After calculating the penalty using our online calculator for calculating penalties under 44-FZ, you will be able to generate a sample claim.

Collection of penalties under the contract

Claiming a penalty is possible both voluntarily and in court. In practice, this measure of liability is applied, as a rule, through the courts.

In this case, the plaintiff must attach to the statement of claim a document calculating the penalty required from the defendant. The period for which the calculation should be made is determined as follows:

  1. Within the meaning of Art. 330 of the Civil Code of the Russian Federation and in accordance with the explanations from Resolution No. 7 (clause 65), the plaintiff’s side is entitled to demand the award of a penalty right up to the day of actual fulfillment of obligations, that is, for example, until the day of actual payment for the goods. Meanwhile, the law or agreement of the parties may define a shorter period for calculating the penalty, or its total amount may be limited.
  2. If upon completion of the contractual relationship the primary obligation ends, the penalty is calculated for the period until the termination of the obligation (clause 4 of Article 329 of the Civil Code of the Russian Federation).
  3. If upon termination of the contract the basic obligation is not terminated, you can demand not only the payments specified in the contractual document, but also a penalty for their untimely payment (Articles 622, 689 of the Civil Code of the Russian Federation).

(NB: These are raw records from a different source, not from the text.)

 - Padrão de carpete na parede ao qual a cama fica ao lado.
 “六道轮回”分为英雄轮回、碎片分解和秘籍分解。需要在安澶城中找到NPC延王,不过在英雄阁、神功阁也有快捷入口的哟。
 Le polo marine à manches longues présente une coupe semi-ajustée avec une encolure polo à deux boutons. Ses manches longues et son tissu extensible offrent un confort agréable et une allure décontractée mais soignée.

The operative part of the court decision indicates the total amount of the penalty calculated at the time the decision was made. Subsequently, after the decision enters into legal force, the amount of the penalty is collected as part of the enforcement procedure by the bailiff.

When an entrepreneur does not pay a penalty

The debtor does not pay the penalty when he is not to blame for the delay. This is what it says in Art. 330, 401 Civil Code of the Russian Federation.

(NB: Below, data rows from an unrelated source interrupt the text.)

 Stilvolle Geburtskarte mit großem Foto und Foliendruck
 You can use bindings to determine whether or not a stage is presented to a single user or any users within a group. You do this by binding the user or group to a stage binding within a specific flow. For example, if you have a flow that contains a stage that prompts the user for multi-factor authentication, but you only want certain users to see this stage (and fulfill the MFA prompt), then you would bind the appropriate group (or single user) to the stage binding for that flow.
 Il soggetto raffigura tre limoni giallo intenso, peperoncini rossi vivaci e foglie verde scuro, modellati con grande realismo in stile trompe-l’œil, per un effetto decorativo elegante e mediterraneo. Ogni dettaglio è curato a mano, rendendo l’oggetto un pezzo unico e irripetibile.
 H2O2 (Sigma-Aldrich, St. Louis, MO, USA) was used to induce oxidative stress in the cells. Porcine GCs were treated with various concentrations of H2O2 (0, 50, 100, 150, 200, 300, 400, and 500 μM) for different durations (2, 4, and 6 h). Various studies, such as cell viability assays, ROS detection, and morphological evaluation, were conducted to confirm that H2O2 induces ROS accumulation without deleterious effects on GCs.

It is generally accepted that entrepreneurs are always to blame for violating contracts with clients and counterparties. Only force majeure exempts from penalties. For example, the cakes were not delivered because the neighbors upstairs flooded the confectionery shop. Ordinary circumstances such as an employee’s error or a delay in products by a supplier will not relieve liability.

The penalty is not yet paid when the statute of limitations on the debt has passed - Art. 207 Civil Code of the Russian Federation.

The total term is three years under Art. 196 of the Civil Code of the Russian Federation. There is no point in going to court later. A positive result is possible only if the debtor does not declare a missed deadline. But the debtor will say: they know such things well.